Expanding further on her scientific career choices, Marta gave the following advice: “Don’t follow ‘scientific fashion’ by focusing on the ‘trendy’ topics, which are often transient. Instead, put your efforts into addressing the important scientific questions. Also, don’t necessarily go for ‘low-hanging fruit’ projects. Although these seem attractive, they may neither lead to any interesting discoveries nor offer room for scientific development. I think that long-term perspective is what matters the most. So take up challenges and invest your time in developing your skills and growing as a scientist and always learn!  Learn how people approach science differently and take away the best aspects of their approaches for yourself. Finally, surround yourself with supportive mentors and people who want to see you succeed. I was privileged to have amazing mentors in my career, and I think that makes all the difference.”

Fortunate to be surrounded by accomplished scientists, Marta specifically mentioned Barbara McClintock as one of her scientific inspirations: “As a scientist interested in mobile genetic elements, I have been always inspired by testimonies describing Barbara McClintock’s life and groundbreaking research. What particularly strikes me is her reputation for having an almost obsessive attention to detail in her experiments and observations, but, at the same time, her ability to take creative leaps to explain those details as well as her extraordinary vision of the implications of her discoveries. It is absolutely remarkable to me that ~70 years ago, she envisioned that ‘the real point of mobile elements is control’! Seeing recent studies describing numerous examples of how transposon-derived regulatory sequences and cellular pathways that control transposon expression orchestrate gene regulation in developing and adult tissues, I think we can all say she couldn’t have been more right!”

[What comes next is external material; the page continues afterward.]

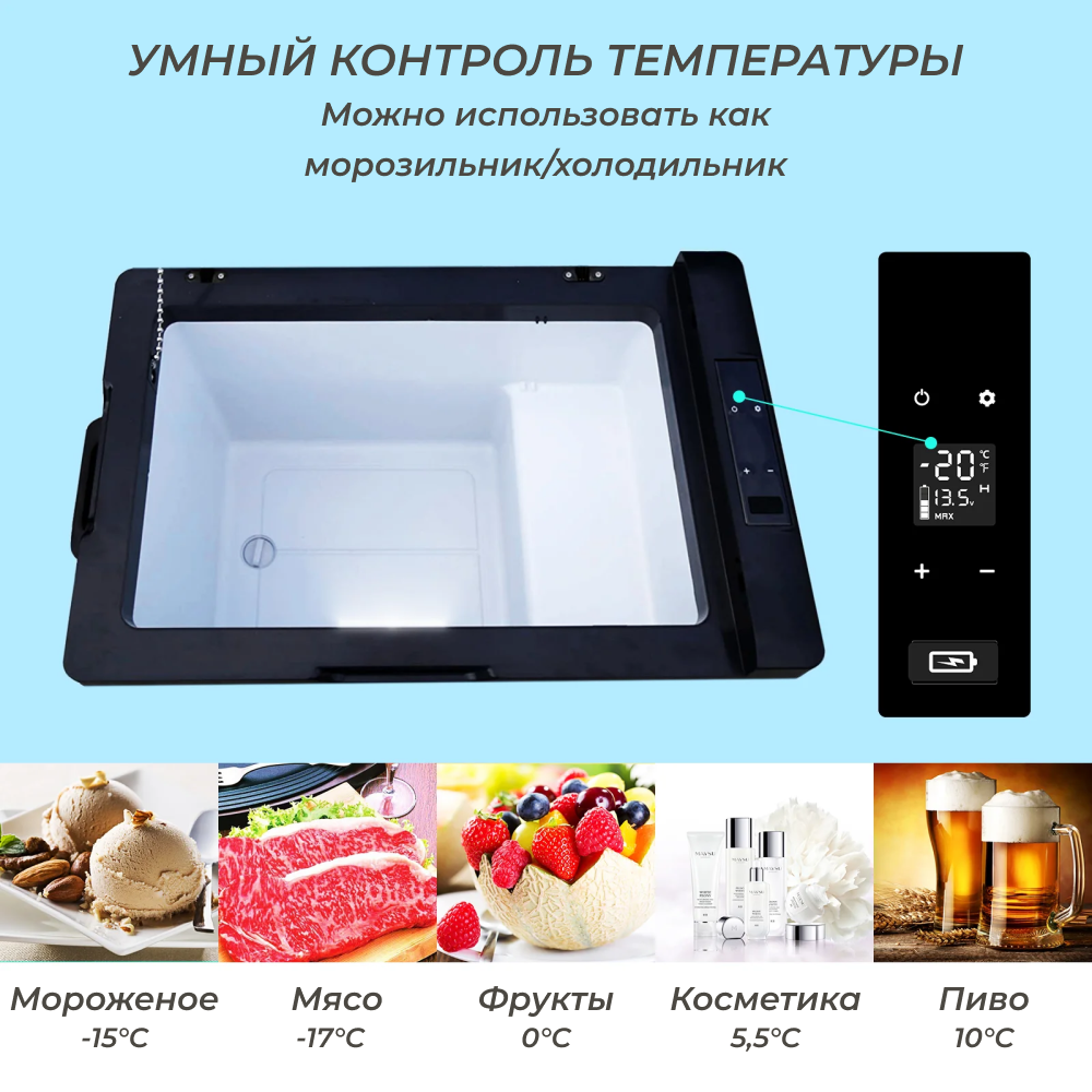 | Плюсы: | Тихий, быстро замораживает, управление через блютуз, питание 12,24,220 вольт |

When asked about a favorite paper from the RNA journal, Marta mentions a new paper describing extensive structural homology between two distantly-related pseudo-PARP domains found in HUSH complex member TASOR and piRNA-pathway protein TEX15. “I find it interesting that despite the significant evolutionary distance between these two domains, TEX15 pseudo-PARP can functionally substitute for TASOR pseudo-PARP, an essential domain within the HUSH complex, whose function remains unknown.”